Fetching from cache...


{'by': 'dhouston',
 'descendants': 71,
 'id': 8863,
 'kids': [9224,
  8917,
  8952,
  8958,
  8884,
  8887,
  8869,
  8940,
  8908,
  9005,
  8873,
  9671,
  9067,
  9055,
  8865,
  8881,
  8872,
  8955,
  10403,
  8903,
  8928,
  9125,
  8998,
  8901,
  8902,
  8907,
  8894,
  8870,
  8878,
  8980,
  8934,
  8943,
  8876],
 'score': 104,
 'time': 1175714200,
 'title': 'My YC app: Dropbox - Throw away your USB drive',
 'type': 'story',
 'url': 'http://www.getdropbox.com/u/2/screencast.html'}

### Part 2: Invalidate cache if it has been more than a day
Modify the above function to check WHEN the record was last modified (HINT: you will need to track this date now) and if a day has transpired, then make the request and update it.

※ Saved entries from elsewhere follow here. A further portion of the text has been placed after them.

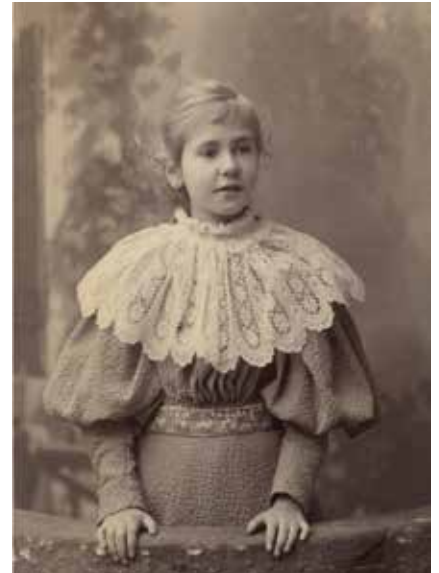
希格瑞德·朱瑟柳斯

希格瑞德·朱瑟柳斯陵墓是芬兰波里的重要文化遗址。这座陵墓建于 1901-1903 年，是一件代表了当时的艺术和工艺的杰作。陵墓的墙为砂岩墙，室内还装饰着丰富的壁画，因此非常难以保存。在该建筑完工的最初几年里，原始壁画由于吸附了过多水分而遭到破坏，后来进行了重新绘制。希格瑞德·朱瑟柳斯基金会拥有该建筑的所有权，也负责管理该建筑，为了持续准确地监测其中的湿度和温度，让这座出色的建筑物保持在良好的状态，基金会最近购买了维萨拉的最新技术。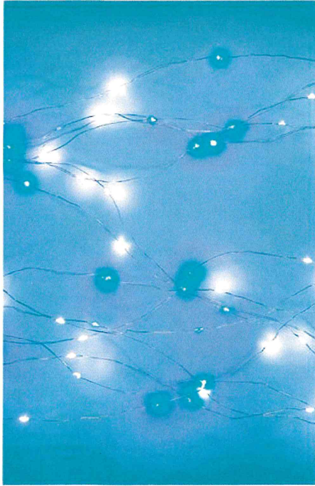
Tenda 220 nano led - L. 3,3 x H. 1 m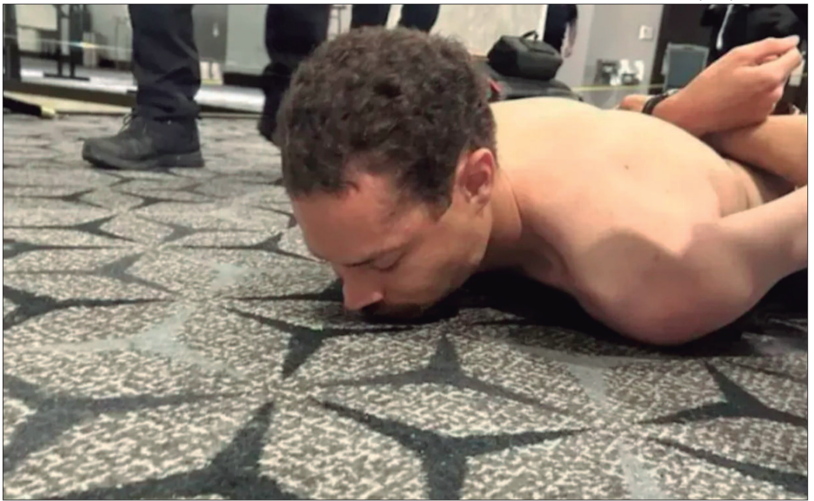
O suspeito de 31 anos é mantido sob custódia após audiência inicial em tribunal federal de Washington

Segundo a promotoria, o ataque foi planejado. O suspeito teria viajado até a capital norte-americana carregando uma espingarda, uma pistola e três facas. A intenção, conforme descrito em audiência, era realizar um "assassinato político". Além da tentativa de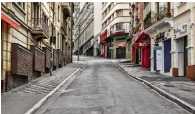
Ladeira Porto Geral – Lockdown (região 25 de Março)

A taxa de ocupação hoteleira acumulou queda de 58,7%. A arrecadação de imposto do setor retraiu 51,1%, equivalente a R$ 193,7 milhões. Consequentemente, houve perda de 18.649 postos formais de trabalho.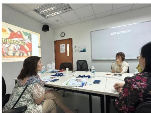
KLC International Institute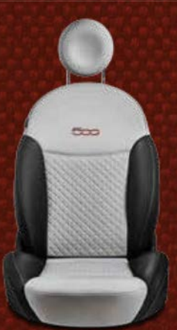
Gesteppte Stoffsitze in White Sand mit Details aus Vinyl. Eingesticktes 500-Logo in Bordeauxrot.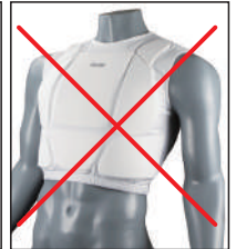
③イサミ製インナーベスト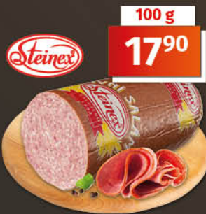
Pivní salám 1 kg = 179,00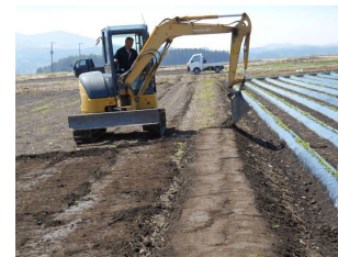
畦畔の再構築を支援

You can manually alter the last modified date to a much older date in order to check that your function works.

In [96]:
import datetime

In [116]:
current_date = datetime.datetime.now()

def is_within(current_date, target_date, hours=24):
    diff_hours = (current_date - target_date).total_seconds() / (60 * 60)
    return diff_hours <= hours


import requests 

caches = db['caches']

def smart_request(url):
    res = caches.find_one({"url": url})
    now = datetime.datetime.now()

    is_expired = res and res.get('date_modified') and is_within(now, res.get('date_modified'), hours=1/60)
    if is_expired:
        caches.delete_one({"url": url})

    # If not in the cache or cache is out of date
    if not res or is_expired:
        response = requests.get(url)
        data = response.json()
        result = {"url": url, "data": data, "date_modified": now}
        caches.insert_one(result)
        return data

    print("Fetching from cache...")
    return res["data"]

In [117]:
test_url = "https://hacker-news.firebaseio.com/v0/item/8864.json?print=pretty"
res = smart_request(test_url)

In [118]:
res

{'by': 'yaacovtp',
 'id': 8864,
 'parent': 8700,
 'text': "New restaurants need anonymous and confidential reviews more than web 2.0 startups do. Aren't 1000's of blogs already writing about the latest web startup?",
 'time': 1175714547,
 'type': 'comment'}

In [119]:
caches.find_one({"url": test_url})

{'_id': ObjectId('60832e094e24523d97869da5'),
 'url': 'https://hacker-news.firebaseio.com/v0/item/8864.json?print=pretty',
 'data': {'by': 'yaacovtp',
  'id': 8864,
  'parent': 8700,
  'text': "New restaurants need anonymous and confidential reviews more than web 2.0 startups do. Aren't 1000's of blogs already writing about the latest web startup?",
  'time': 1175714547,
  'type': 'comment'},
 'date_modified': datetime.datetime(2021, 4, 23, 16, 28, 56, 352000)}

In [None]:
'date_modified': datetime.datetime(2021, 4, 23, 16, 28, 2, 654000)}

### Part 3: Populate our DB with HN API
Write code to hit the HN API and populate an Authors collection, based on the top stories.

### Part 4: API Endpoint
Write a Bottle API endpoint that returns the top 5 highest ranked authors, as far as karma points, from our dataset.